A typical unit hydrograph model, at least in models, is a linear transfer function, i.e. an ARMAX-like (Autoregressive, Moving Average, with eXogenous inputs). This can often, but not always, be formulated mathematically as a set of exponentially receding stores, which may be in a parallel and/or series configuration. ARMAX-type models are specified by the number of auto-regressive terms \(n\) and the number of moving average terms \(m\). For example, a model with one store is \((n=1,m=0)\); two stores in parallel is \((n=2, m=1)\); two stores and an instantaneous store in parallel is \((n=2, m=2)\). Three stores in parallel is \((n=3,m=2)\).
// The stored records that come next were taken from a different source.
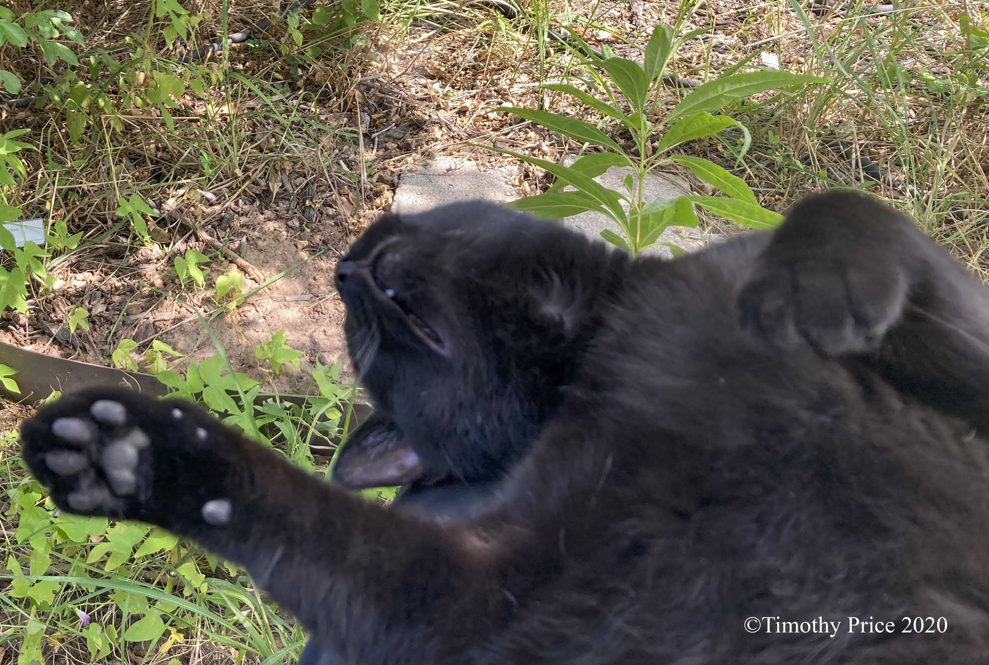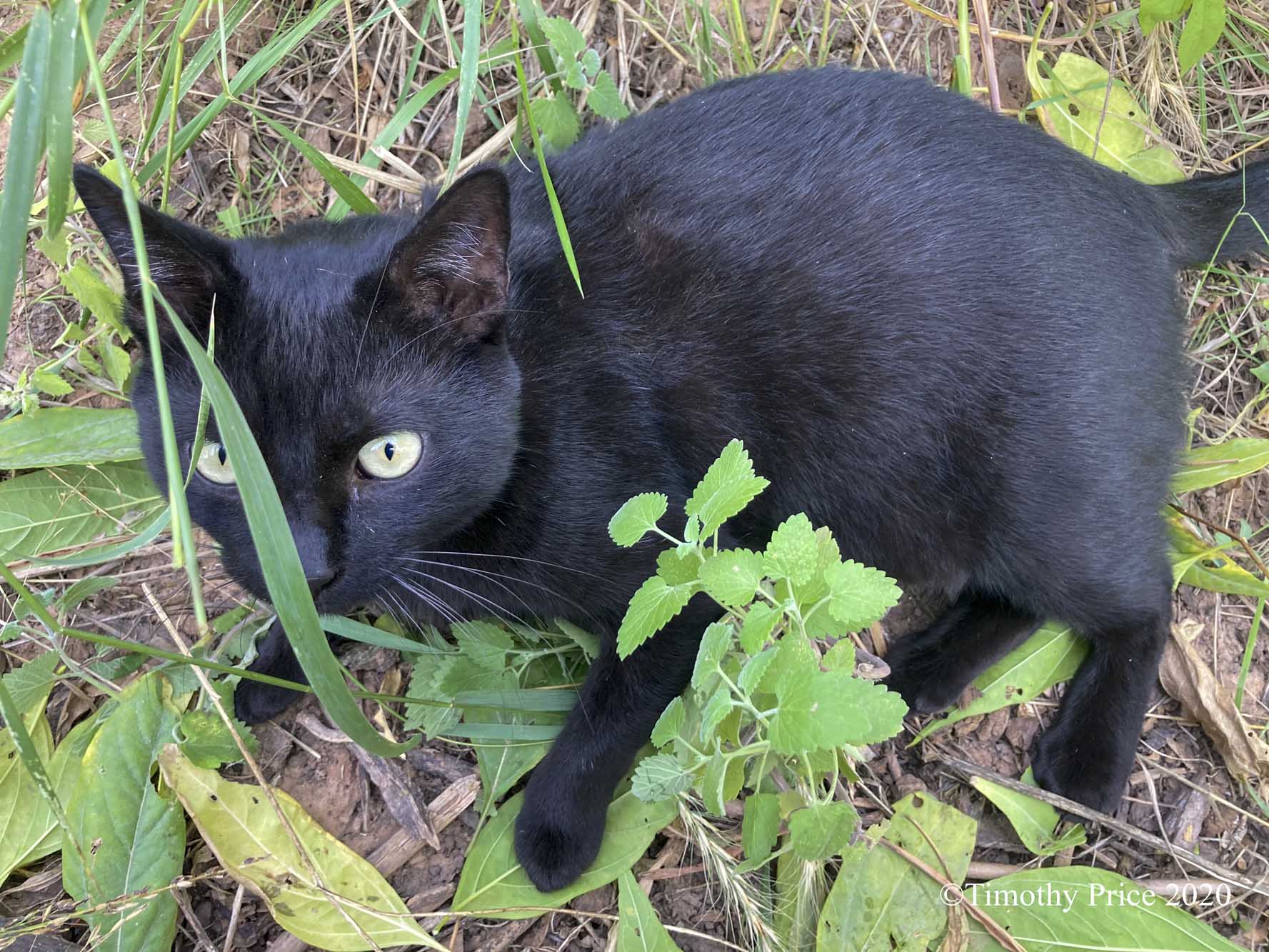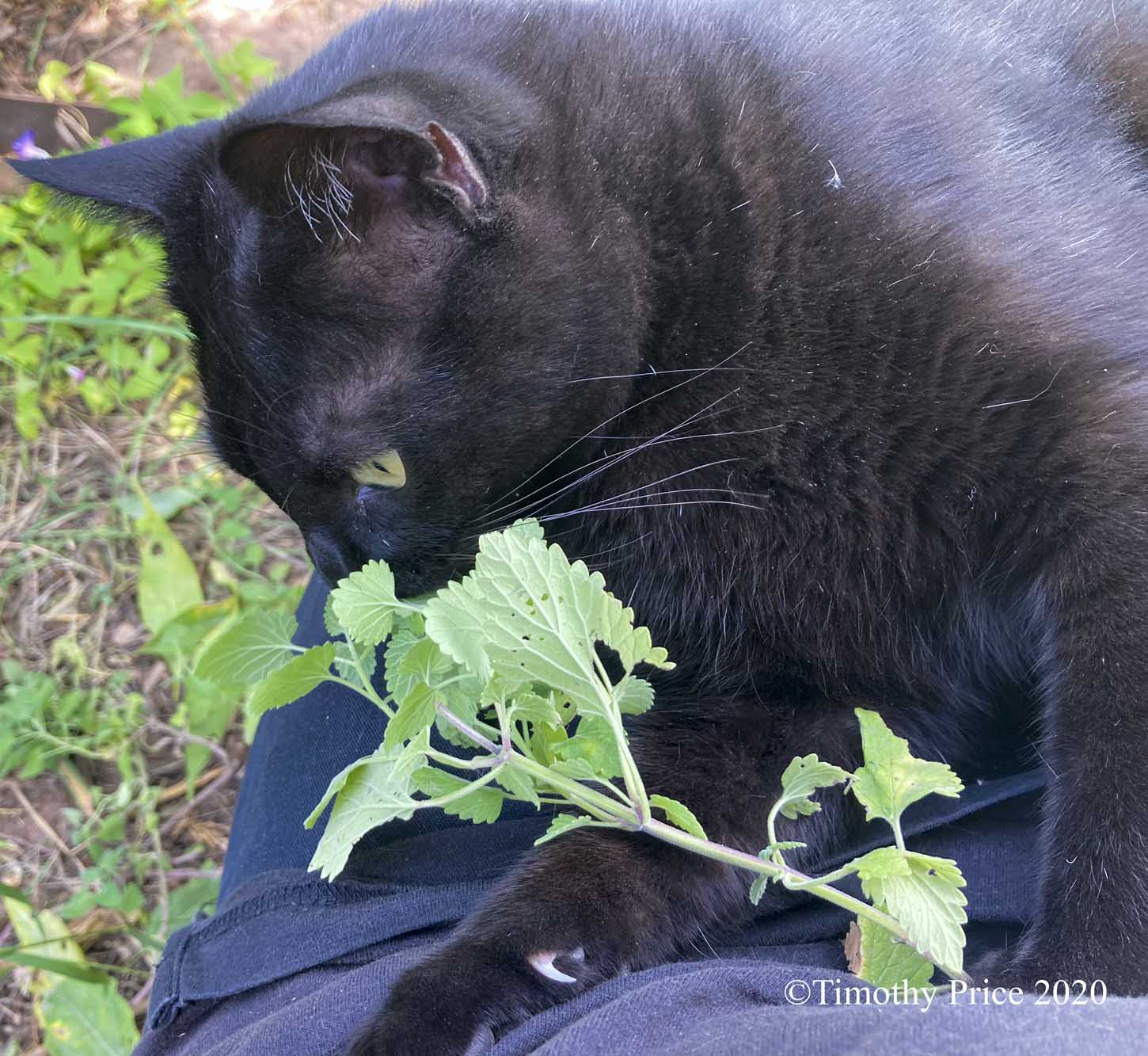Laurie picked catnip for the kitties while she was out for one of her hourly step goals. Gwendolyn was like a kitty demon eating her sprig of catnip.
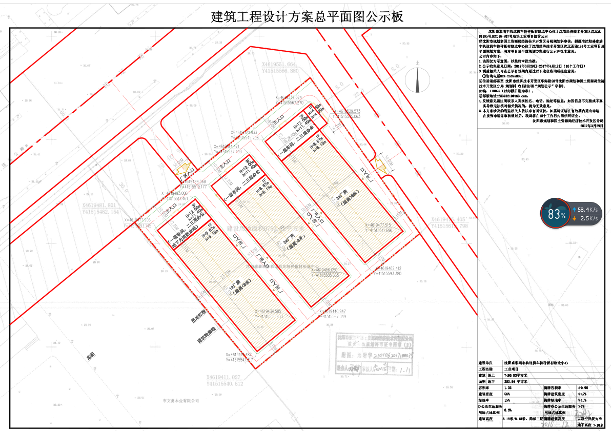 经沈阳市规划和国土资源局经济技术开发区分局规划科审核,拟批准沈阳盛泰瑞丰轨道机车特种板材制造中心“沈阳市经济技术开发区沈辽西路195号”的工业项目总平面图规划方案,现对项目总平面规划方案进行公示并征求意见。公示内容如下:
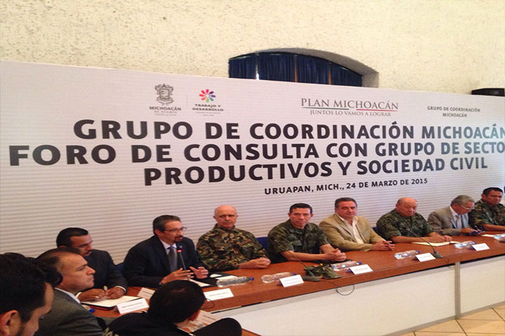 NOTICIAS 24/03/2015Inicia Foro Ciudadano en Uruapan La Facultad de Agrobiología "Presidente Juárez" de la Universidad Michoacana de San Nicolás de Hidalgo, en Uruapan, es sede del Foro de Consulta con Grupo de Sectores Productivos y Sociedad Civil, encabezada por el gobernador del Estado, Salvador Jara Guerrero, y por el general Pedro Felipe Gurrola Ramírez, coordinador de la Estrategia de Seguridad del Plan Michoacán.
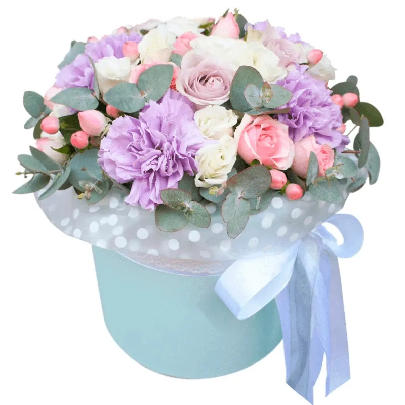 Кустовая роза, гвоздика, эвкалипт, гиперикум, оазис, шляпная коробка.
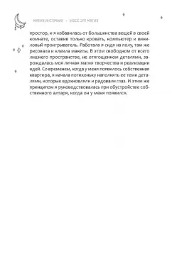 Описание«И все это магия» — проводник в мир Викки, искусства отливания свечей и создания оберегов. Мария Инсомния делится своими знаниями о том, как установить свой алтарь, как использовать силу различных магических атрибутов для привлечения желаемого в свою жизнь. Большое внимание уделяется и работе с намерениями. Мы привыкли считать, что магия — это сложные ритуалы, которые требуют комплексной подготовки — изучения заклинаний, курения благовоний и прочего. Мария Инсомния, в свою очередь, показывает, что запредельное не всегда связано с долгой и усердной подготовкой.Она предлагает рассматривать магию как инструмент, который позволяет создать собственную идеальную реальность при помощи простых шагов — повседневных действий, которые принесут вам удовлетворение и счастье.Такой подход позволит вам стать алхимиком, который может превратить свинец рутины и обыденности в «золото» магии — осознанное управление собственной жизнью.Как говорит сама Мария Инсомния: «Магия — совокупность действий, направленных на изменение своей реальности. И тут можно задуматься, что магия по сути своей не только сложные каноничные ритуалы, но и ритуалы рутинные, настраивающие нас на работу и дающие нам необходимый положительный настрой для изменения жизни к лучшему».Свернуть«И все это магия» — проводник в мир Викки, искусства отливания свечей и создания оберегов. Мария Инсомния делится своими знаниями о том, как установить свой алтарь, как использовать силу различных магических атрибутов для привлечения желаемого в свою жизнь. Большое внимание уделяется и работе с намерениями. Мы привыкли считать, что магия — это сложные ритуалы, которые требуют комплексной подготовки — изучения заклинаний, курения благовоний и прочего. Мария Инсомния, в свою очередь, показывает, что запредельное не всегда связано с долгой и усердной подготовкой.Она предлагает рассматривать магию как инструмент, который позволяет создать собственную идеальную реальность при помощи простых шагов — повседневных действий, которые принесут вам удовлетворение и счастье.Такой подход позволит вам стать алхимиком, который может превратить свинец рутины и обыденности в «золото» магии — осознанное управление собственной жизнью.Как говорит сама Мария Инсомния: «Магия — совокупность действий, направленных на изменение своей реальности. И тут можно задуматься, что магия по сути своей не только сложные каноничные ритуалы, но и ритуалы рутинные, настраивающие нас на работу и дающие нам необходимый положительный настрой для изменения жизни к лучшему».СвернутьСвернуть
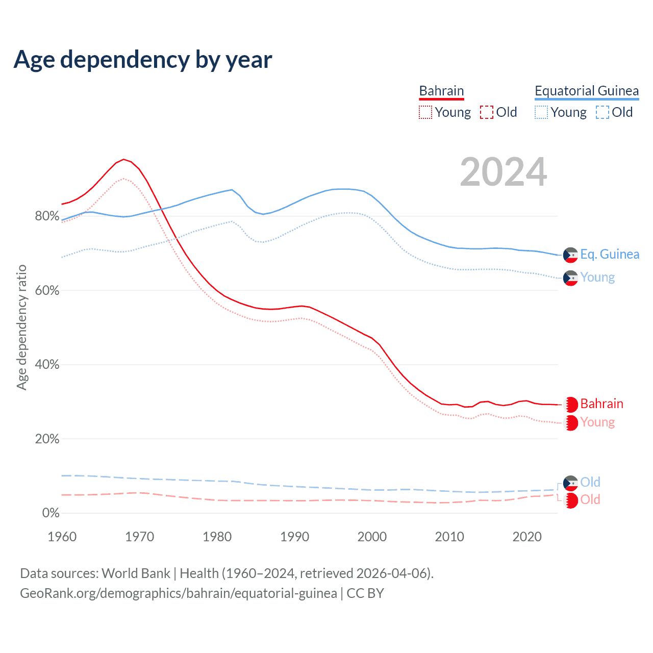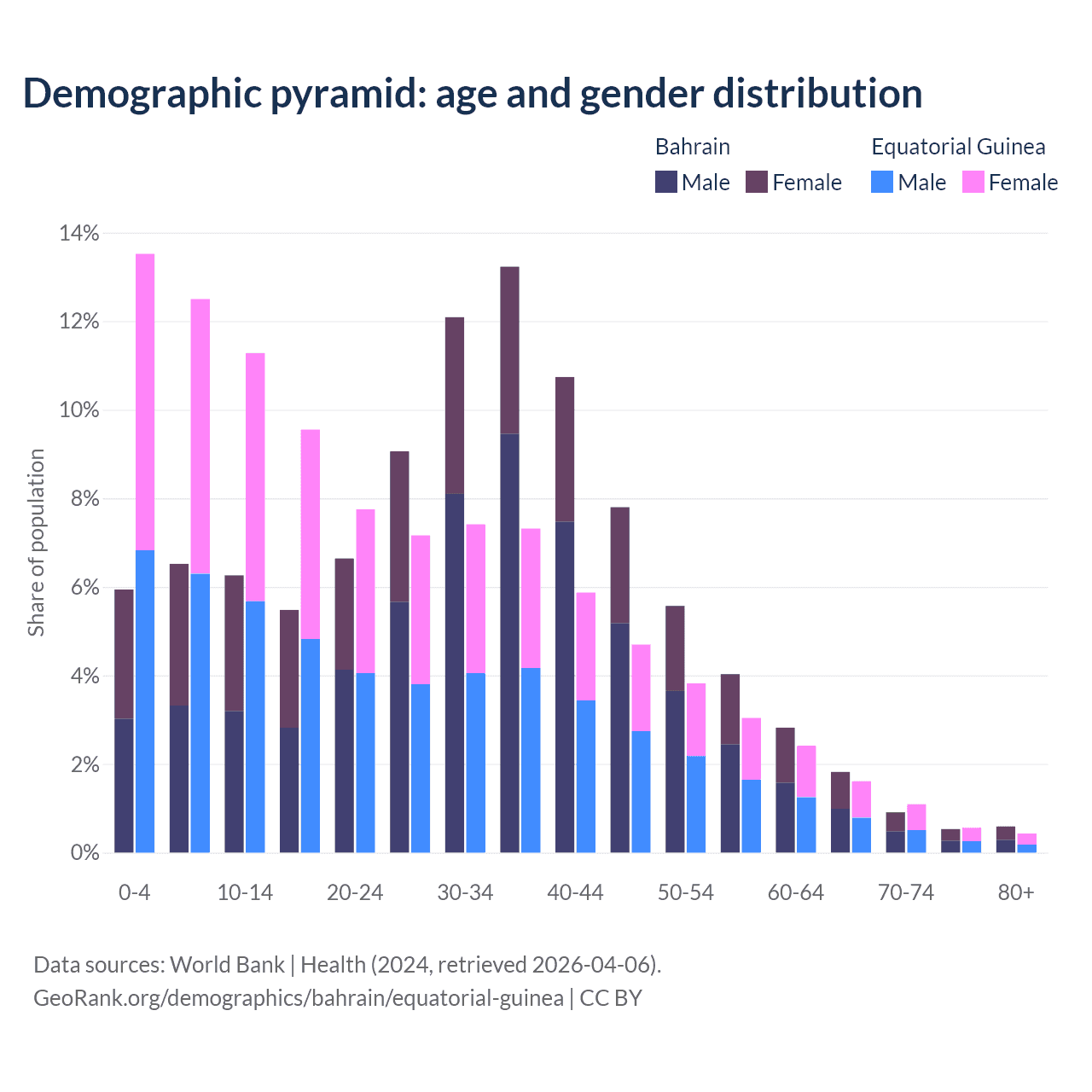 - Bahrain is ranked 80/196 by median age (oldest to youngest) vs 148/196 for Equatorial Guinea.
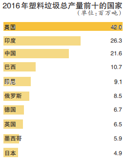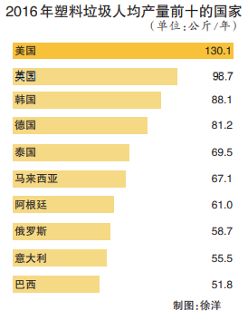 今年10月,美国环保署(EPA)发布了一项解决海洋垃圾问题的计划,点名指出五个亚洲国家——中国、印度尼西亚、菲律宾、泰国和越南,要为每年流入海洋的塑料垃圾负主要责任。然而据美国《国家地理》杂志报道,科学家们对这种说法并不认可。近日发布于国际学术期刊《科学进展》的一项最新研究指出,美国把塑料垃圾污染问题归咎于亚洲国家,但美国才是世界上最大的塑料垃圾制造者。美国2016年制造的塑料垃圾量在全世界排名第一,达4200万吨;年度人均制造塑料垃圾130.1公斤。美国虽然只有世界总人口的4%,却制造了世界上17%的塑料垃圾。
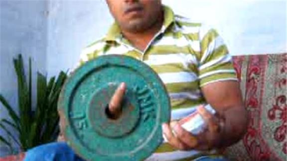 Kamal Aslam performed 79 Charlier card cuts in one minute while holding a 15-pound exercise plate on his index finger.
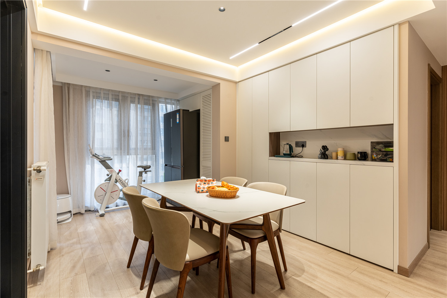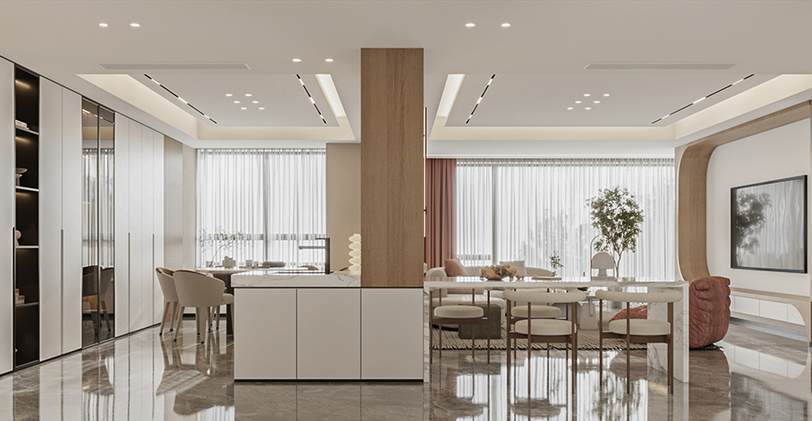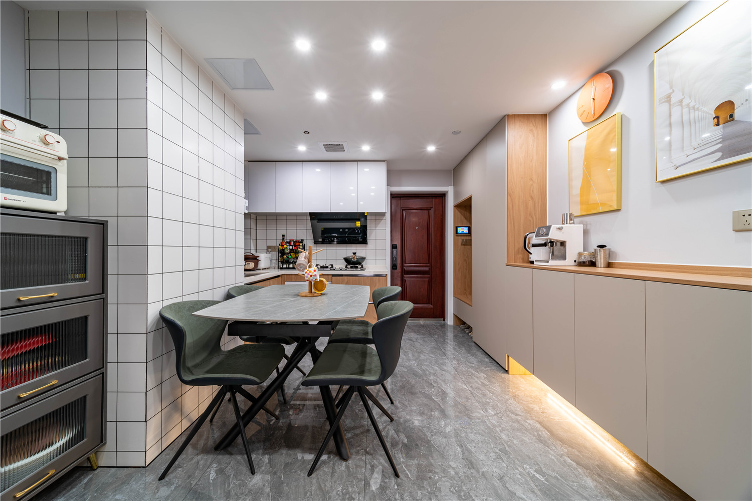灣郡北岸公館四居室現代簡約住宅的面積則是169平方米,房屋戶型整體規整,四居室的分布合理。房屋的客廳、餐廳面積以及方正感都是很好地,房屋的衛生間以及廚房都是具有窗戶的,居住的衛生性也有效的提升。并且四居室的房屋在整體的面積方面夠用,每一個人都可以找到屬于自己的空間。
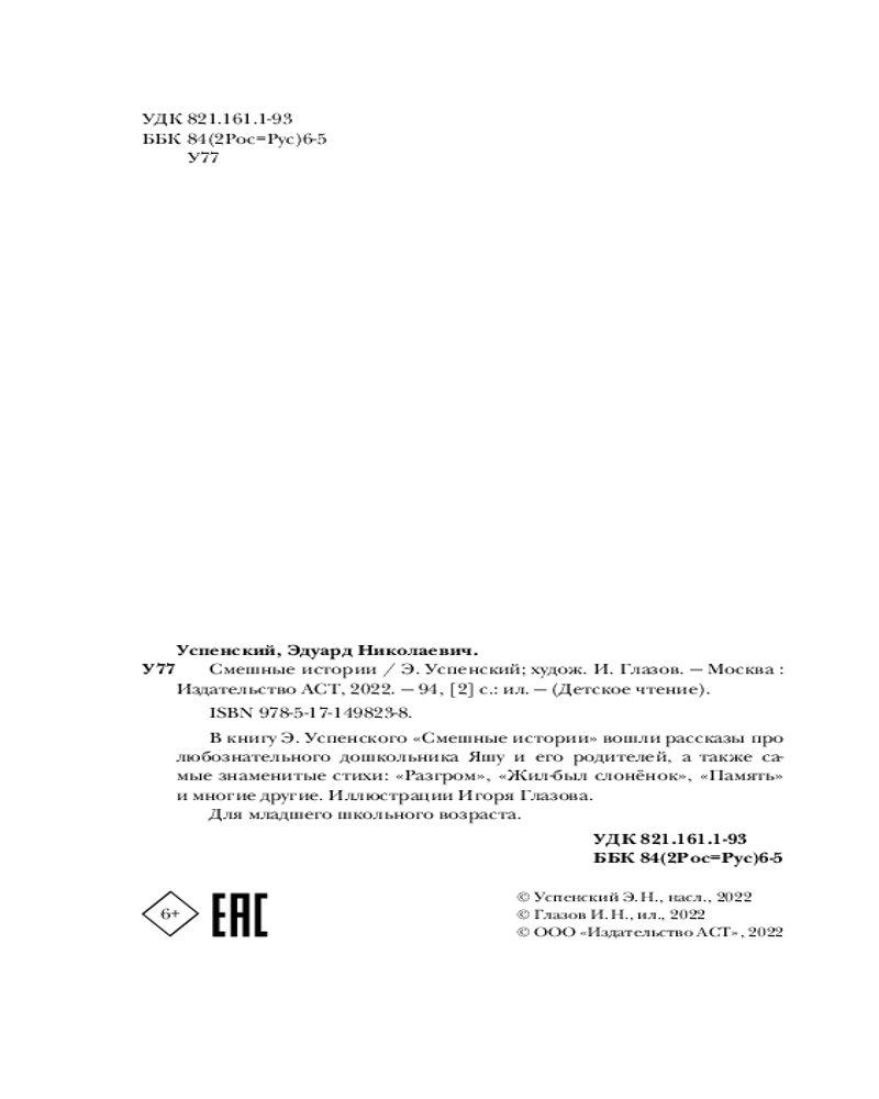 💳 Оплатить за товар можно при получении 🇰🇿 Есть бесплатная доставка по Казахстану от 1 дня 🎁 Копите бонусы с каждой покупки Серия: Детское чтение В книгу Э. Успенского «Смешные истории» вошли рассказы про любознательного дошкольника Яшу и его родителей, а также самые знаменитые стихи: «Разгром», «Жил-был слонёнок», «Память» и многие другие. Иллюстрации Игоря Глазова. Для младшего школьного возраста. |

When using armax or expuh routing, specialised methods are available to estimate for calibration, such as the SRIV (Simple Refined Instrumental Variable) algorithm. These are specified using the rfit argument.

The order of the transfer function may be varied, as well as the delay time. If there is any ambiguity in choosing the best delay time, each possibility should be tried.

To test different model structures systematically, a convenience function tryModelOrders is provided. An example is given in Table @ref(tab:try-model-orders-table). In this case a simple SMA is used with fixed parameters.

For more information on these issues see, for example, Jakeman et. al. (1990) and Young (2003).

ihSpec <- hydromad(ts90s, sma = "cwi", tw = 10, f = 1, 
                   routing = "armax")
osumm <- tryModelOrders(update(ihSpec, rfit = "sriv"),
                        n = 0:3, m = 0:3, delay = 0)
summary(osumm)
Fit and information statistics from fitting different unit hydrograph transfer functions with SRIV algorithm. ARPE is the Average Relative Parameter Error estimated by SRIV. The effective rainfall input was generated by an ihacres CWI model with fixed parameters.
ARPE r.squared r.sq.log
(n=0, m=0, d=0) 0.000 -5.432 -2.421
(n=1, m=0, d=0) 0.000 0.545 0.705
(n=1, m=1, d=0) 0.000 0.671 0.774
(n=2, m=0, d=0) 0.015 0.344 0.550
(n=2, m=1, d=0) 0.001 0.694 0.782
(n=2, m=2, d=0) 0.005 0.698 0.782
(n=3, m=0, d=0) 0.678 0.605 0.720
(n=3, m=1, d=0) 0.023 0.697 0.782
(n=3, m=2, d=0) 28.994 0.698 0.782
(n=3, m=3, d=0) 0.001 0.705 0.785

Unit Hydrograph Inverse Fitting Methods

Unit Hydrograph routing models are typically fitted using least squares or SRIV algorithms, but this depends on the modelled effective rainfall, and so must be continuously re-fitted while calibrating the SMA model. One alternative is to fit the unit hydrograph to the observed streamflow data directly – though usually constrained by rainfall – and then use that as a fixed component while calibrating the SMA model. This can be done using an inverse filtering method with rfit = list("inverse", ...). (There are many options here also).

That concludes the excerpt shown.